Screening of lung cancer in India is associated with several challenges, such as (1) overall expenses and poor infrastructure limiting the availability of diagnostic modalities in remote areas, (2) difficulty in developing an effective lung cancer screening program, and (3) smoking cessation education and individualized screening in high-risk cases to reduce mortality. Hence, before the actual implementation of a screening protocol in practice, a pilot project is recommended in the Indian scenario. Moreover, an affordable strategy should be vital to attain the goal.[40]

Diagnosis

Importance of molecular diagnosis on lung cancer management

Molecular testing has gained importance as several biomarkers are being targeted to provide more individualized treatment to lung cancer patients.[23] Diagnosis of lung cancer has shown a paradigm shift from traditional morphology-based diagnosis to molecular diagnosis. The important molecular subtypes are EGFR, ALK, ROS1, B-RAF, MET, Her2/neu, and RET mutations.[23]

Around half a decade back, tissue biopsy was a gold standard for molecular profiling of tumor. It played a vital role in decision making with regard to treating patients with advanced NSCLC.[41] However, a major challenge with tissue biopsy was the nonavailability or insufficiency of tumor tissue for further detection of gene variations.[25],[26] In addition, rebiopsy in patients resistant to targeted therapy is more challenging, primarily because of clinically suboptimal condition of the patient.[5],[41],[42] A recently introduced noninvasive liquid biopsy technique could be utilized in such cases.
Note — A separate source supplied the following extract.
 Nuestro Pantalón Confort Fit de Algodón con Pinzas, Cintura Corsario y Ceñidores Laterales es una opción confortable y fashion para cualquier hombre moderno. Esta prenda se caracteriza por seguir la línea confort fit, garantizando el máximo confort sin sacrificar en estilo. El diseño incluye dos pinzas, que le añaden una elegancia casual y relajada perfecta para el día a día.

It has several advantages over tissue biopsy, including easy accessibility and good repeatability[5],[43] and is increasingly used nowadays for molecular profiling of tumor and monitoring drug resistance.[5]
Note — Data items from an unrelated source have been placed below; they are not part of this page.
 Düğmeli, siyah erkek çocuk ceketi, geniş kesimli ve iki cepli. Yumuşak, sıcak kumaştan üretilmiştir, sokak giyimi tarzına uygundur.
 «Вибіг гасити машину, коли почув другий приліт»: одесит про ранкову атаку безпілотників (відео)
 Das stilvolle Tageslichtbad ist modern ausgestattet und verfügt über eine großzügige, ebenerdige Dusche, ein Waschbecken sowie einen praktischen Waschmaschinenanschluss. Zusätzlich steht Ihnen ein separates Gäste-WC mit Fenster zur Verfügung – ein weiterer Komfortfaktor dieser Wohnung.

The U.S. Food and Drug Administration (USFDA) and the European Medical Association (EMA) have approved the use of liquid biopsy.[44] They have also published guidelines and recommendations for use of these modalities in detection of different driver mutations in lung cancers such as EGFR, to aid in adequate monitoring and appropriate use of targeted/immune therapies for NSCLC patients with driver mutations.[44] Many renowned Indian oncologists have also published consensus recommendations for using liquid biopsies in Indian scenario.[43]
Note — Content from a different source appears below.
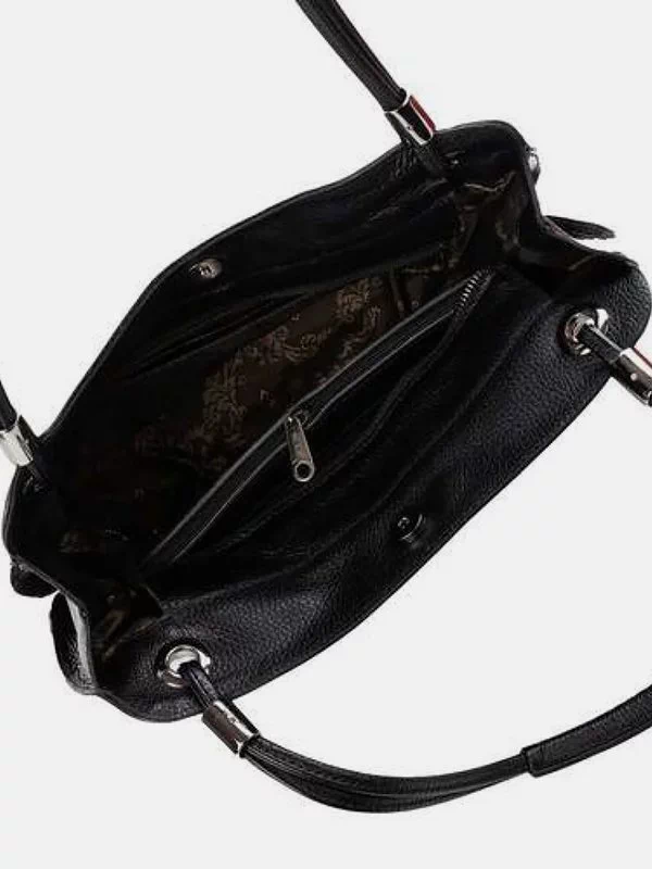 Женская сумка D-4601 – разумное решение для небольших вещей, различных мелочей (косметики, денег, ключей, павербанков, наушников, смартфонов, зарядных устройств и т.п.). Пошита из фактурной натуральной кожи флотар черного цвета. Сумка неприхотлива в уходе, имеет элегантный внешний вид, качественный пошив. Удачно подчеркнет практически любой образ. Страна производитель бренда – Турция.

Liquid biopsy is beneficial in the management of molecule targeted therapy[5] EGFR and ALK molecules are the major and frequent targets for precise targeted therapy in NSCLC patients, and thus liquid biopsies involve these two molecules.[5] Several specimens, including plasma, serum, urine, sputum, and cerebrospinal fluid (CSF), have been used in liquid biopsy under different clinical scenarios.[5],[45],[46],[47] Among all specimens, plasma is the most commonly used to detect tumor-associated biomarkers.[5] These specimens contain several biomarkers released by the tumor cells such as cell-free DNA (cfDNA), circulating tumor DNA (ctDNA), circulating tumor cells (CTC), exosomes, platelets, and microRNAs and help assess the tumor-related changes[48],[49] and also monitor changes associated with drug resistance occurring during the treatment. The cfDNA is released passively from the dying cells or from CSF, urine, sputum, saliva, pleural effusion, stool, and seminal fluid.[45],[50] Although about 24-fold higher cfDNA has been reported in serum compared with plasma due to hemolysis during clotting or from leukocyte contamination,[51] increased cfDNA in serum is known to be associated with a higher false-positive rate, making plasma the preferred specimen for evaluation of cfDNA.[51]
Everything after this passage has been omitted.